On Wednesday, a spokesperson for the Korean People's Army, said the strike plan would be "put into practice in a multi-current and consecutive way any moment" once leader Kim Jong Un made a decision, according to the North's state-run KCNA news agency.
In another statement citing a different military spokesman, North Korea also said it could carry out a pre-emptive operation if the US showed signs of provocation.
This comes as US analysts said North Korea has developed a nuclear weapon small enough to fit inside missiles and travel long distances.
In July, the US calculated about 60 nuclear weapons were controlled by the country's leader Kim Jong-un, but analysts said the new report has raised the estimated number of bombs in North Korea's arsenal.
Speaking in New Jersey on Tuesday, Mr Trump said: “North Korea best not make any more threats to the United States".
“He has been very threatening," Mr Trump said referring to North Korean lead Kim Jong-un.
Experts initially thought it would be years before the weapon could reach distant targets, but the new report suggests the country has already developed these missiles, the Washington Post reported.
"The IC [intelligence community] assesses North Korea has produced nuclear weapons for ballistic missile delivery, to include delivery by ICBM-class missiles," the assessment read, according to the Washington Post.

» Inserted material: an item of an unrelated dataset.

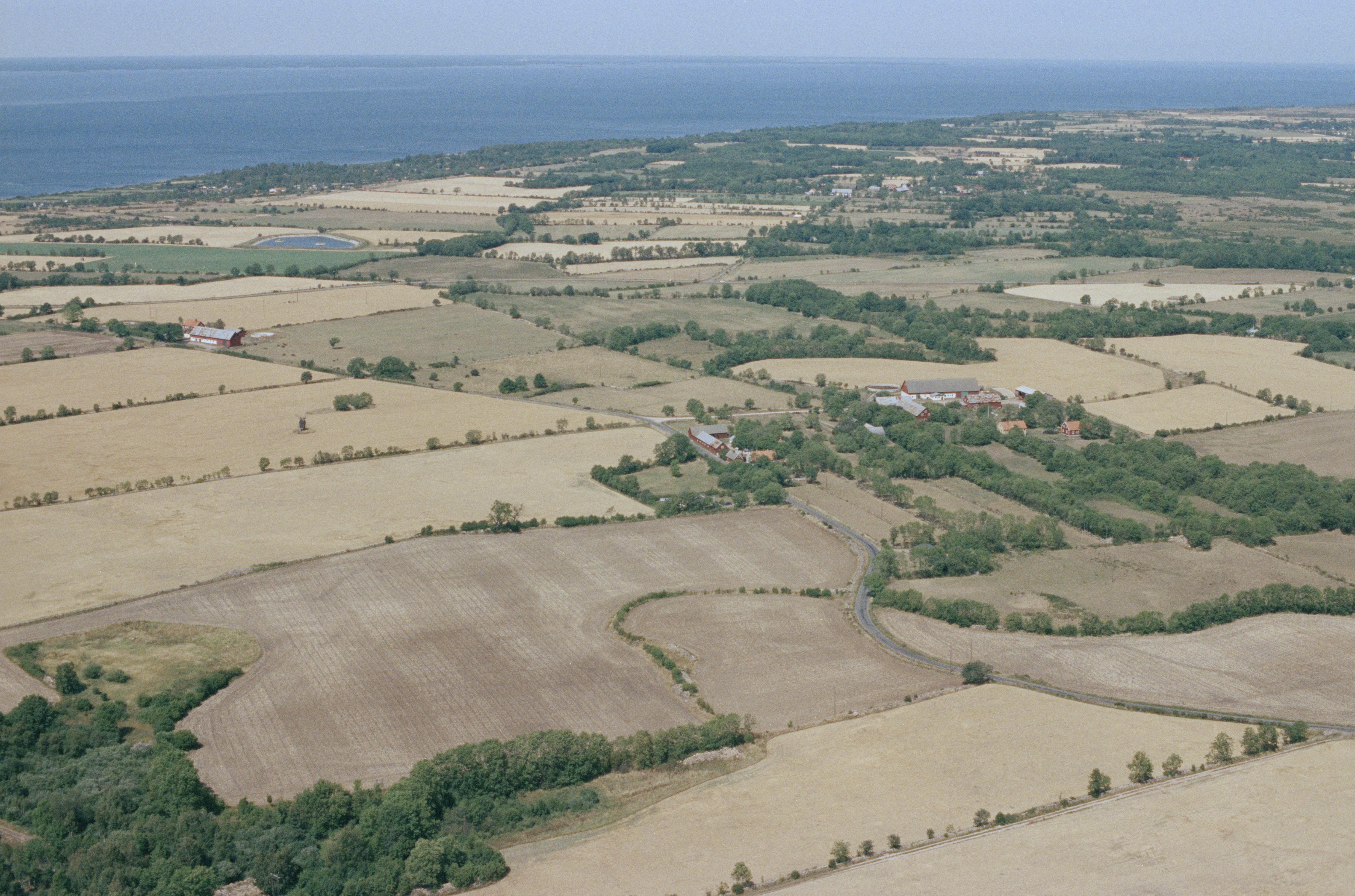 Beskrivning: Vid bildens mitt åkrar med flera fornlämningar, bl.a. boplats RAÄnr Köping 273:1, 274:1, 275:1 och fyndplats Köping 324:1. Bilden är tagen mot (väderstreck): NV

'We will make US pay': North Korea angry over stronger UN sanctions
Japan says North Korea poses 'new level of threat'
Earlier on Tuesday, Japan's Defence Ministry said "it is conceivable that North Korea's nuclear weapons program has already considerably advanced and it is possible that North Korea has already achieved the miniaturisation of nuclear weapons and has acquired nuclear warheads."
This comes after North Korea said it was ready to give the United States a "severe lesson" with its strategic nuclear force if it takes military action.
In a transcript of a statement by Foreign Minister Ri Yong-ho, given to media at a regional meeting in Manila, Pyongyang called new UN sanctions "fabricated" and warned there would be "strong follow-up measures" and acts of justice.
It said the resolution showed the United Nations had abused its authority.
The statement said its intercontinental ballistic missile tests in July proved that the entire United States was in its firing range, and those missiles were a legitimate means of self-defence.
It was not immediately clear whether the statement was read to the ASEAN Regional Forum on Monday.
The US ambassador to the UN, Nikki Haley, called the US-drafted resolution "the single largest economic sanctions package ever leveled against" North Korea.
In a statement carried by the North's state-run Korean Central News Agency, North Korea's government said the sanctions were a "violent infringement of its sovereignty" that was caused by a "heinous US plot to isolate and stifle" the country.
"We will make the US pay by a thousand-fold for all the heinous crimes it commits against the state and people of this country," the statement said.
North Korea test-launched two intercontinental ballistic missiles (ICBM) last month as part of its efforts to possess a long-range missile capable of striking anywhere in the mainland US.